SiteMapVirtualUriMapping compares source URI to names of sitemaps available in googleSitemaps workspace and prepends the prefix.

prefix

Prefix prepended by the class.

 

Adding to robots.txt file

Add the following line in your robots.txt file. Include the full URL to the sitemap:

Sitemap: http://www.example.com/sitemap.xml

Submitting to search engines

Submit the sitemap to major search engines via the webmaster tools of each engine or wait for the engines to find the sitemap on their own.

11 Comments

  1. We see a template is available. Is it also possible to generate sitemap.html which we can display on our site?

    1. Hi Michaël-

      It’s possible, but it does not do this out of the box. You could hot fix the template to respond in HTML if the request comes in with a dot html extension. So I would create a mainHTML.ftl to generate the HTML the way I need it. Then hot fix main.ftl to respond with mainHTML.ftl if the extension is dot html. Hope this is clear.

      Cheers

      Rich

  2. Hi,

    I have a question regarding sitemap.xml page we generate via the sitemap app. in the xml file we have two urls, one from author instance and one from public instance. how do we get only public instance urls rather than having both urls in xml sitemap?

    Cheers

     

    1. Hi James-

      I'm sorry but I do not follow you. Is it possible for you to paste the xml output to Pastebin or something similar? Or perhaps you could describe the issue using our demo? I went to the demo and tried creating a sitemap from the travel site but didn't see anything wrong there.

      Thanks

  3. Hi

    Thanks for your reply. 

    this is from author instance url which is from the xml page

    <lastmod>2016-12-15</lastmod><loc>http://localhost:8080/mgnl-cms-war/default/de/money/login</loc><priority>0.5</priority></url>

    this is same url but from public instance

    <lastmod>2016-12-15</lastmod><loc>http://localhost:8080/mgnl-cms-war/default/money/login</loc><priority>0.5</priority></url>

    how to generate the xml sitemap without author instance url?

    can you see my point?

     

    1. Ok, I think I see a little better what you are talking about.

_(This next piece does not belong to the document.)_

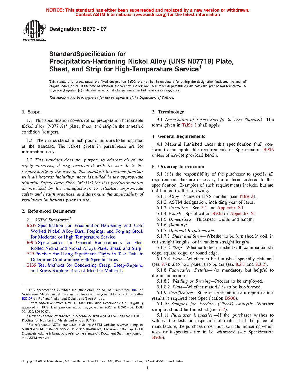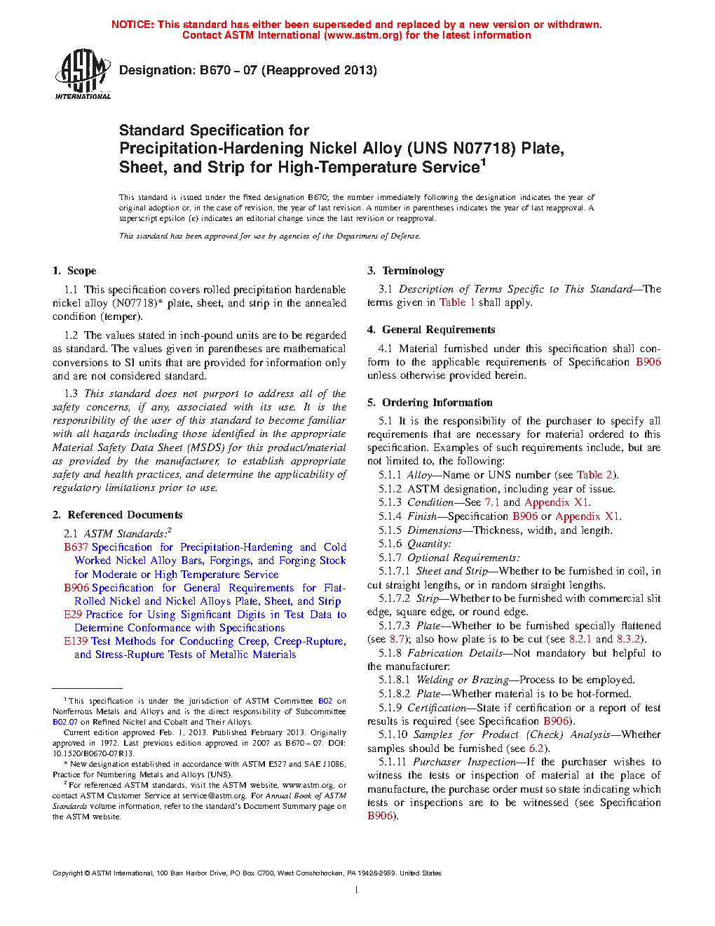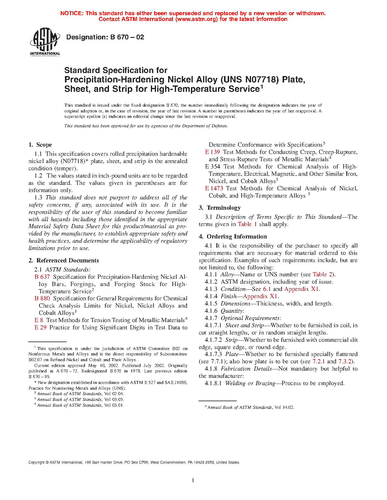 1.1 This specification covers rolled precipitation hardenable nickel alloy (N07718)* plate, sheet, and strip in the annealed condition (temper).

      In your above example you have one for the German site (author) and one for the English site (public). But I do see what you mean. I think what is happening here is that you have your author and public deployed the same way. So the URLs that are generated end up being the same. 

      During my testing for the travel site I noticed that the generated URLs take the configuration at my site definition.

      <url><loc>http://travel-demo.magnolia-cms.com/meta/about-demo.html</loc><lastmod>2015-06-25</lastmod><changefreq>weekly</changefreq><priority>0.5</priority></url>
      1. Sorry about the confusion. Just to make it clear we have magnolia deployed on tomcat under vwqwertyp path. So all the author URL's contain vwqwertyp e.g.
        http://localhost:8080/vwqwertyp/.magnolia/admincentral#shell:applauncher:; Public URLs do not have vwqwertyp.

        When I generate a sitemap it contains vwqwertyp, de and default in the URL e.g. The below 2 urls are present in one sitemap:

        1. http://localhost:8080/vwqwertyp/default/de/contact-us
        2. http://localhost:8080/vwqwertyp/default/contact-us

        I don't want vwqwertyp, default and de in the urls. I only want true urls in the sitemap. So in the above example one URL should be included in sitemap; it should be:
        http://localhost:8080/contact-us because this is how contact-us page is accessed by end use via the public. We do not have a german site so I don't know where de comes from.

        I also generated a sitemap using the demo site, even that contains de. Is there some kind of configuration to include and exclude these from the sitemap.xml


        Thanks

        1. In community edition, URLs generated by sitemap app takes the default base URL configured into /server/defaultBaseUrl property as context path of all URLs.


          It would be nice if Magnolia includes this detail into this documentation page.

          Hope this help

  4. Hi all,

    in this documentation page you say:

    The hideIngoogleSiteMap property is stored in the page itself. This means you need to activate the page. Publishing the sitemap only is not enough.

    It would be nice if you specify the same for virtual URI Mappings, because it is needed to publish its also, because publishing only sitemap is not enough.

    Also, not only the hide property needs that publishing logic, but also other sitemap entries, the same in virtual URI mappings, so it should be specified in this documentation.

    Thanks

  5. Hi,
    We have a site that generates pages dynamically for the products. Is there a way to create sitemap using the module for dynamic pages? We have multiple sites running on the instance. and if I need the sitemap xml with the same name as sitemap.xml on the root of the site, how do I create one for each site?
    Thanks

    1. I did this by extending the class SiteMapService, overwriting the method getSiteMapBeans and configuring it as a component.

      	<components>
      		<id>main</id>
      		<component>
      			<type>info.magnolia.module.googlesitemap.service.SiteMapService</type>
      			<implementation>com.myproject.module.sitemap.CustomSiteMapService</implementation>
      			<scope>singleton</scope>
      		</component>
      	</components>